The Stay is the Destination
The most significant shift the report identifies is in the role of accommodation itself. 63% of Gen Z travellers have chosen a destination specifically because of a stay they discovered – not because of the destination itself. 82% say accommodation is very or extremely important when planning a trip, and 78% spend at least half their total trip time at their stay.
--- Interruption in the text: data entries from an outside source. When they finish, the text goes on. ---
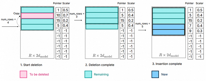 假设大模型正在处理Once upon a time there was a kid who had a dream这句话,在处理“Once upon a time there”这段字符的时候,图中上半部分的青色格子(神经元)处于激活状态;而当处理字段变到“upon a time there was”(往后推进了一个字符),图中下半部新启用了蓝色格子,并删除了了此前青色部分的几个格子(以粉色标注),其余青色保持不变。
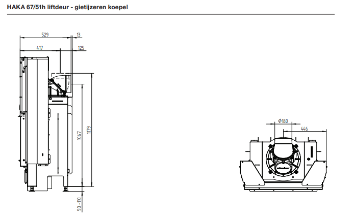 HAKA 67/51h liftdeur gietijzeren koepel Ø180 – enkel glas: € 5.044,00
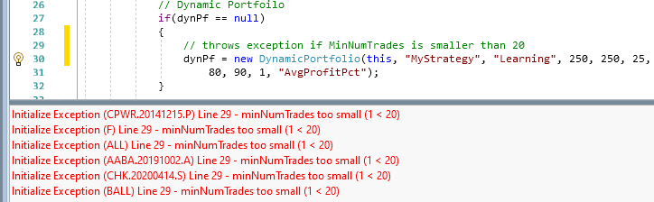 public override void Initialize(BarHistory bars) { indicator1 = bars.Close; indicator2 = new SMA(bars.Close,10); PlotIndicator(indicator2,new WLColor(0,0,0)); _startIndexList.Add(indicator2); // Dynamic Portfoilo if(dynPf == null) { // throws exception if MinNumTrades is smaller than 20 dynPf = new DynamicPortfolio)this, "MyStrategy", "Learning", 250, 250, 25, 80, 90, 1, "AvgProfitPct"); } foreach(IndicatorBase ib in _startIndexList) if (ib.FirstValidIndex > StartIndex) StartIndex = ib.FirstValidIndex; }

More than half say where they stay either shapes the whole experience or is often the highlight of the trip entirely.
What they look for is not a hotel checklist but a home wishlist – a terrace for slow mornings, enough space for everyone to have their own corner, a living room to return to at the end of the day. Airbnb data reflects this: The most memorable moments from their recent trips were not the places they visited: they were a conversation that lasted hours, a slow morning that became the highlight, a meal cooked together at the stay.
Travel as a Social Experience
Travel for Gen Z is fundamentally about connection. The destination matters, but the company matters more. 3 in 4 agree that who they travel with matters more than where they go – and when planning a trip, companion comes first, destination second, and experience third. Friends are the most common travel companions, followed by family.
More than half prefer one shared home over separate hotel rooms when travelling in groups, because the shared kitchen, the common living room, the terrace everyone returns to – these are where the actual trip happens. It shows up in how they book too – group trips by Indian Gen Z on Airbnb have grown by almost 55% domestically year-on-year, the fastest growing trip type by far. Among those who travel in groups, uninterrupted time together without the distractions of daily life is the top priority, followed closely by making memories they will still be talking about years later.
The Anti-Itinerary Generation
For Gen Z travellers, the absence of a rigid plan is often the plan itself. Travel is shifting away from packed schedules toward slower, more open-ended experiences with space for spontaneity and rest.
95% say it’s important their trips feel personal, and 64% deliberately leave parts of their itinerary unplanned to explore. 2 in 3 Gen Z also travel just to do nothing – to rest, slow down or stay in. When it comes to what they actually want to do, the preference is clear – nature and slow travel tops the list, followed by food and culinary exploration, then adventure. 90% actively seek out places that haven’t gone viral or been widely recommended online. The algorithm is not their travel guide. When asked what a good trip actually gives them, the answers are simple: memories they’ll carry for a long time, and a feeling of complete freedom.
¹ Never the Same: The New Rules of Gen Z Travel in India was conducted by YouGov on behalf of Airbnb among 2,012 respondents aged 18–29 across 11 Indian cities including Delhi NCR, Mumbai, Bangalore, Hyderabad, Chennai, Pune, Ahmedabad, Kochi, Jaipur, Chandigarh and Goa. Fieldwork was conducted in April 2026.
² Based on Airbnb internal data of searches made by Indian guests in 2025 for check-ins between 1 May – 31 June 2026(summer period), compared to the same period last year.
3 Based on Airbnb internal data of bookings by Indian guests in 2025 for check-ins between 1 May – 31 June 2026(summer period), compared to the same period last year. Group is defined as bookings with more than 2 guests.